Principled engagement in an imperfect world

By Jose Piñera

(Informal remarks after receiving the 2009 Adam Smith Award from the Association of Private Enterprise Education. Published in the Journal of Private Enterprise, Fall 2009)

I am honored to receive today the Adam Smith Award from the Association of Private Enterprise Education and moved by the generous introduction of my friend Roberto Salinas.

The Chilean Revolution, the radical dash for free markets and limited government, was successfully completed under extremely difficult internal and external circumstances in the 1970s and 1980s. Those reforms, once matured and legitimated by five governments of different political perspectives, have placed Chile as number six in economic freedom in the Fraser Institute's 2008 World Report, two places above the United States.

Over the last two centuries, the political and economic history of Latin America has been in direct contrast with that of the United States. It is well known that the New World was born at almost the same time in the North and the South, that the North began poor and the South rich, and that in 500 years the positions have entirely reversed.

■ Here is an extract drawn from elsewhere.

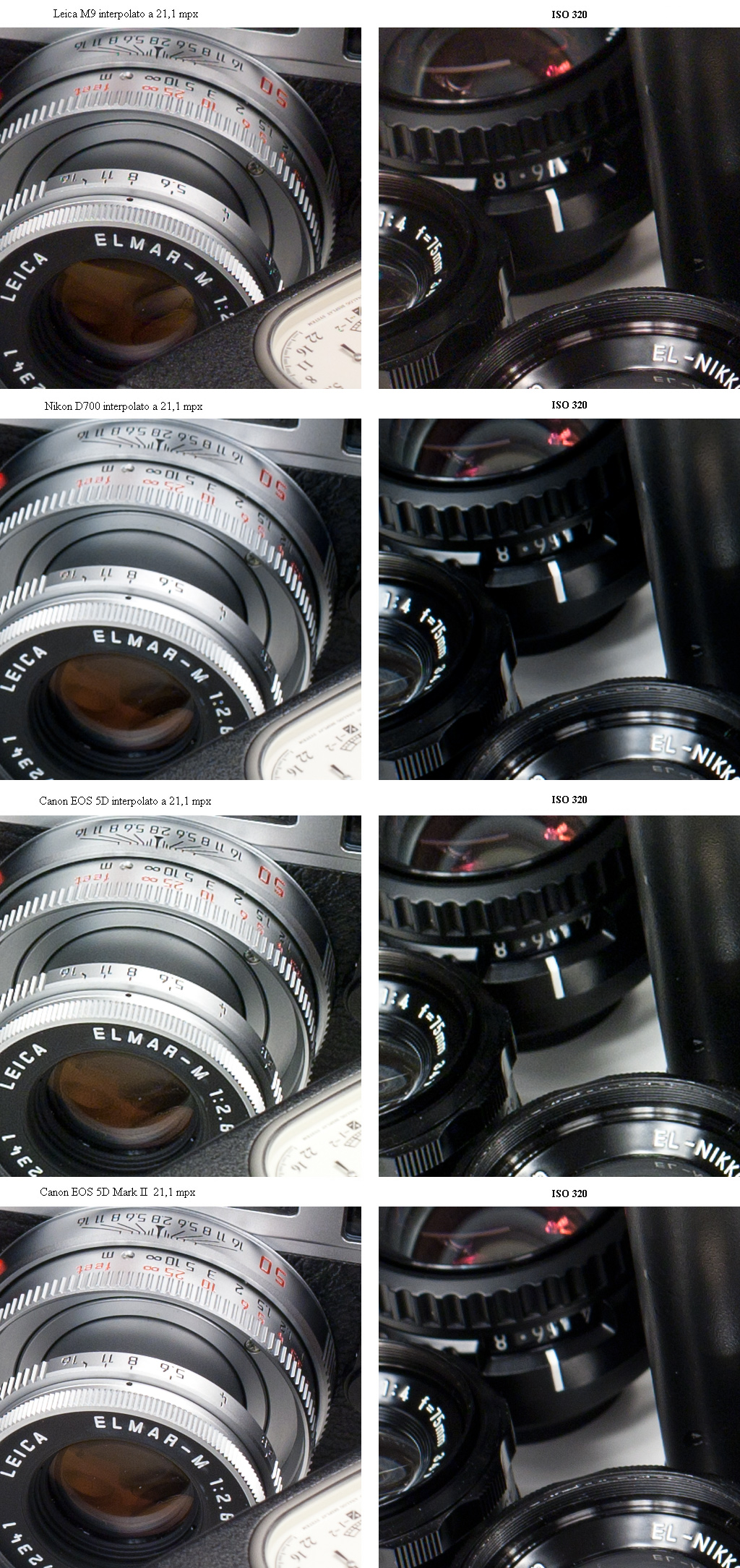 Su questo specifico fronte la Leica M9 viene progressivamente distanziata dagli altri modelli: a 320 ISO regge ancora decorosamente ma a sensibilità via via superiori la granulosità ed il chroma noise divengono evidenti; la D700 conferma la fama acquisita da questo pacchetto gia all'esordio sulla D3 mentre anche le Canon forniscono risultati molto buoni: la 5D Mark II eguaglia praticamente le prestazioni della Nikon, pur garantendo una maggiore densità sullo stesso formato di sensore ma anche la EOS 5D, nonostante la sua anzianità, è ancora attuale.

My hypothesis is that the tragedy of Latin America is the result of it having been an orphan continent. The Liberators of the South - generals Bolivar, San Martin, O'Higgins, and Sucre, among others - fought heroically to free their countries from Spanish political control. But they did not anchor the young republics on the values of individual liberty, did not establish the rule of law, and did not limit the delegation of authority by the people to their democratic representatives. On the contrary, they maintained the Spanish centralizing tradition. Bolivar's hero, symptomatically, was the authoritarian Napoleon Bonaparte and not a constitutional president like George Washington.

So, Latin America had Founding Generals rather than Founding Fathers. The result is that even today the region lacks the institutions and principles of a true democracy in the service of freedom. That is why progress is so unsteady and fragile.

In Latin America, as in most parts of the world today, those of us who want to create a better world must be willing to engage an imperfect world. But to be successful in that difficult quest we have to go armed with strong principles to educate about the ideals of a free market economy, limited democracy, and the rule of law.

Your generous recognition today will help me in this difficult cause, one that I define as “a principled engagement in an imperfect world.